Water and Torsions Combined
---------------------------

Now we want to investigate information flow between more than one type of features.
To do so, we combine the water sites and the torsions:

.. code:: python

    all_feat_a = water_feat_a['WaterPocket_Distr'] + bbtors_res_feat_a
    all_feat_b = water_feat_b['WaterPocket_Distr'] + bbtors_res_feat_b
    all_data_a = np.array(list(water_data_a['WaterPocket_Distr']) + list(bbtors_res_data_a), dtype=object)
    all_data_b = np.array(list(water_data_b['WaterPocket_Distr']) + list(bbtors_res_data_b), dtype=object)
    all_states = water_states + bbtors_states

Note that we only use backbone torsions here to minimize computational effort.
Analysis of sidechain torsions (or of both combined) can often deliver more scientific insigts.

As we did for the water sites above, we now calculate the SSI for all combined feature-feature pairs.

.. code:: python

    all_pairs_names, all_pairs_ssi = ssi_feature_analysis(
        all_feat_a, all_feat_b, 
        all_data_a, all_data_b,
        all_states, verbose=True
    )

The number of pairs for an entire protein is enormous so we determine those with 
the highest SSI. To alleviate the computational effort for the sort function, we first 
filter the pairs by a threshold SSI of 0.5:

.. code:: python

    relevant = np.abs(all_pairs_ssi) > 0.5 
    not_self = np.array([name.split(' & ')[0] != name.split(' & ')[1] for name in all_pairs_names])
    relevant *= not_self
    argrelev = np.argwhere(relevant).flatten()
    all_relevant_pairs_names = [all_pairs_names[i] for i in argrelev]
    all_relevant_pairs_ssi = all_pairs_ssi[relevant]
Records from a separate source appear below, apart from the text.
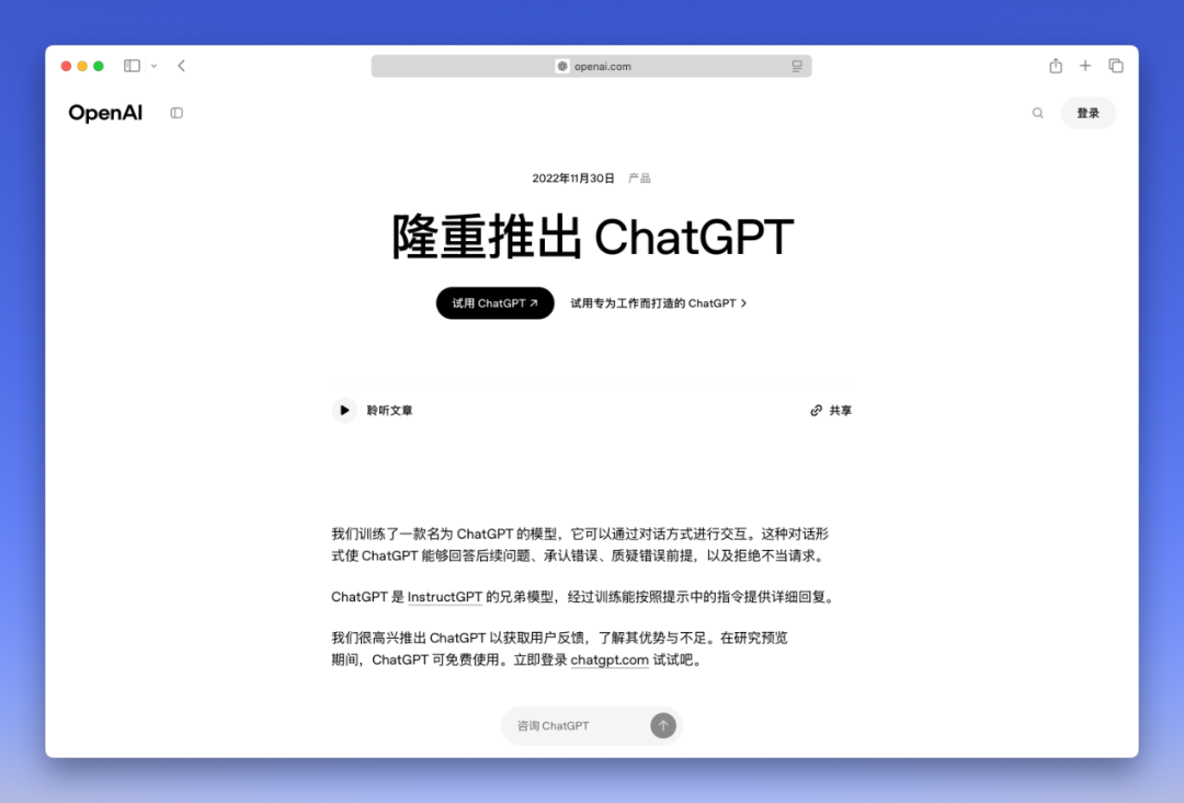 2022 年 11 月 30 日,ChatGPT 发布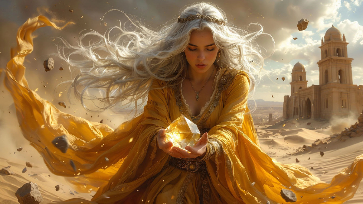 Амелия медленно опустилась на колени, не отрывая взгляда от загадочного создания. Песчаный дух, словно прочитав её мысли, начал кружиться вокруг принцессы, создавая маленький вихрь из золотистой пыли.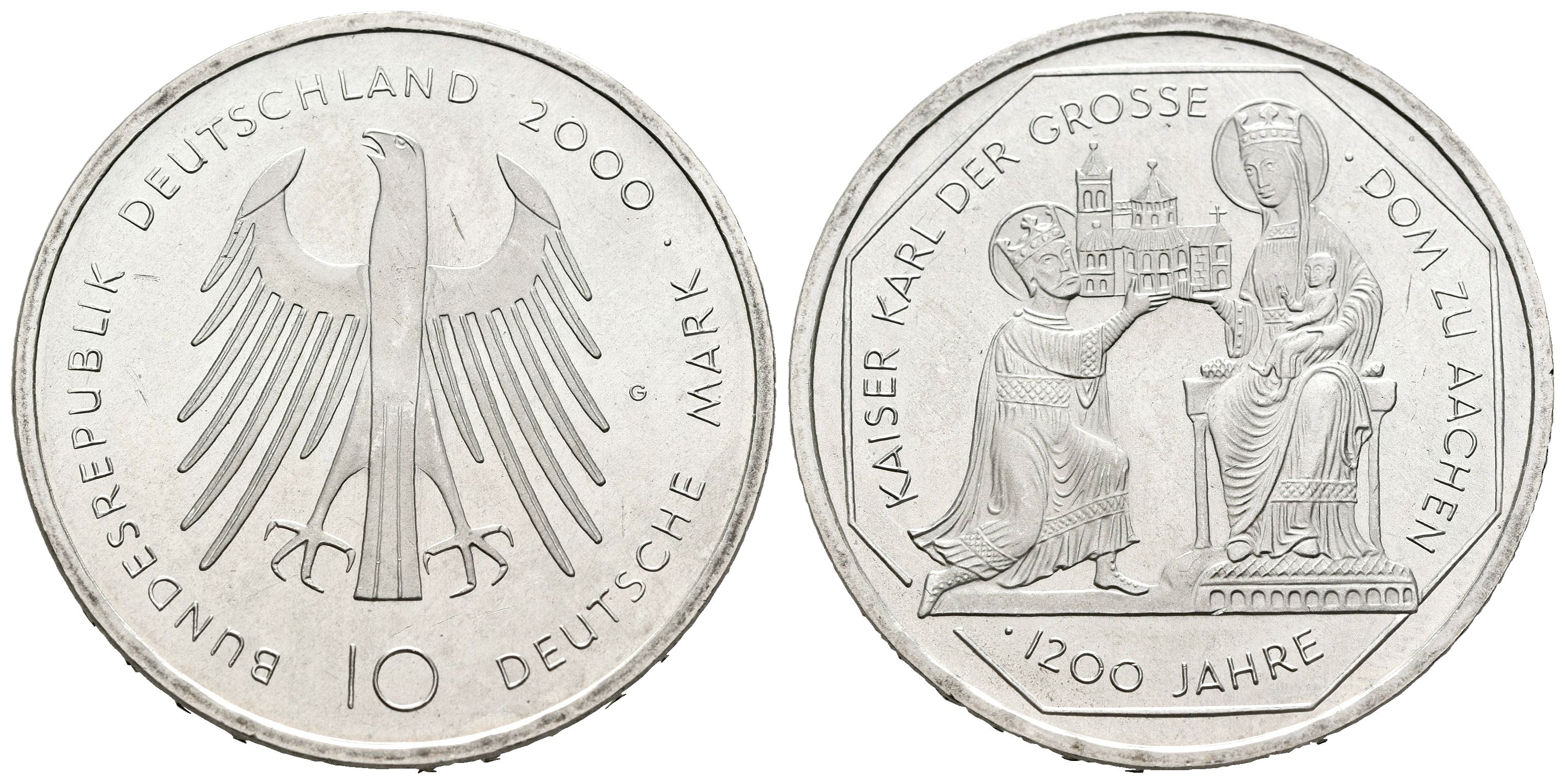 ALEMANIA. 10 Marcos (Ar. 15,47g/33mm). 2000. Karlsruhe G. 1200 Aniversario Catedral de Aachen. (Km#200). SC-. Ligeras marquitas.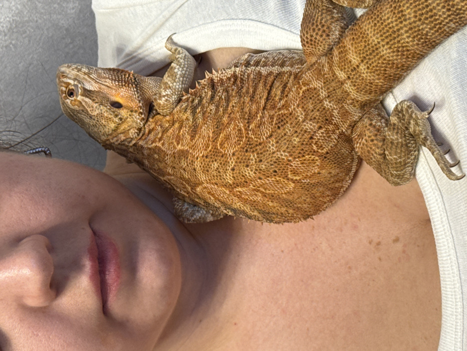 - "This image, captured in Yakhroma, Russia, presents a close-up view of a female individual with a bearded dragon" by FM-VJm8n1, licensed under CC BY 4.0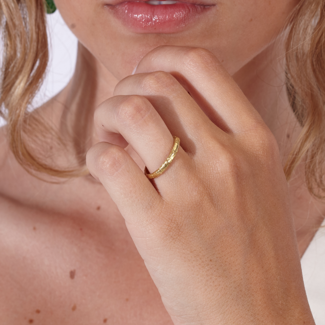 Alianza Elena Carrera, colección Texturas en oro de 18 quilates (750 milésimas) con acabado arena y un ancho de 2 milímetros BY ELENA CARRERA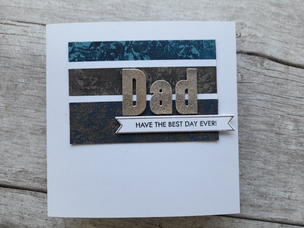 Next was to heat emboss another scrap piece of white card with the ‘metallic platinum’ and then die cut ‘Dad’ using Julie Hickey’s alphabet dies. I then added that to the topper (which I’d attached to a 6×6 card bank) using foam pads, and finished off with one of Julie’s banner die cut ‘birthday messages’.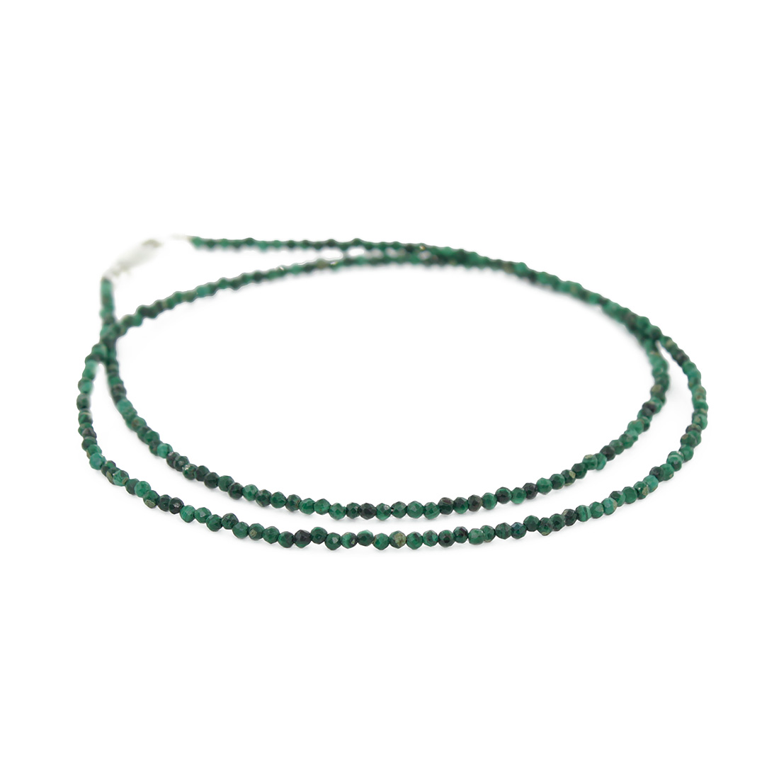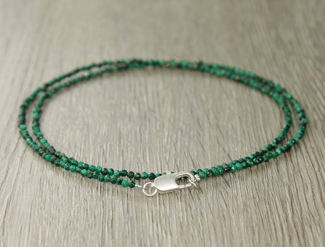 Это утончённое украшение собрано из граненых бусин натурального малахита. Размер бусин 2мм. Длина украшения 47см.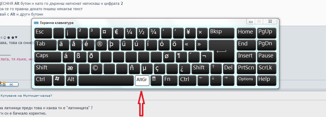 Като натиснеш десния Alt с мишката, може да видиш къде и какви допълнителни символи имаш по клавиатурата.

Then we run the actual sorting by SSI.

.. code:: python

    sort_features(all_relevant_pairs_names, all_relevant_pairs_ssi)


The Co-SSI feature-feature-ensemble analysis is done in the same manner. 

.. code:: python

    all_new_pairs_names, all_new_pairs_ssi, all_new_pairs_cossi = cossi_featens_analysis(
        all_feat_a, all_feat_b, all_feat_a, all_feat_b,
        all_data_a, all_data_b, all_data_a, all_data_b,
        all_states, all_states, verbose=True
    )
                                             
The output of ``cossi_featens_analysis()`` produces an array for the SSI and the Co-SSI
between all features. These results can again be visualized in a 2D representation.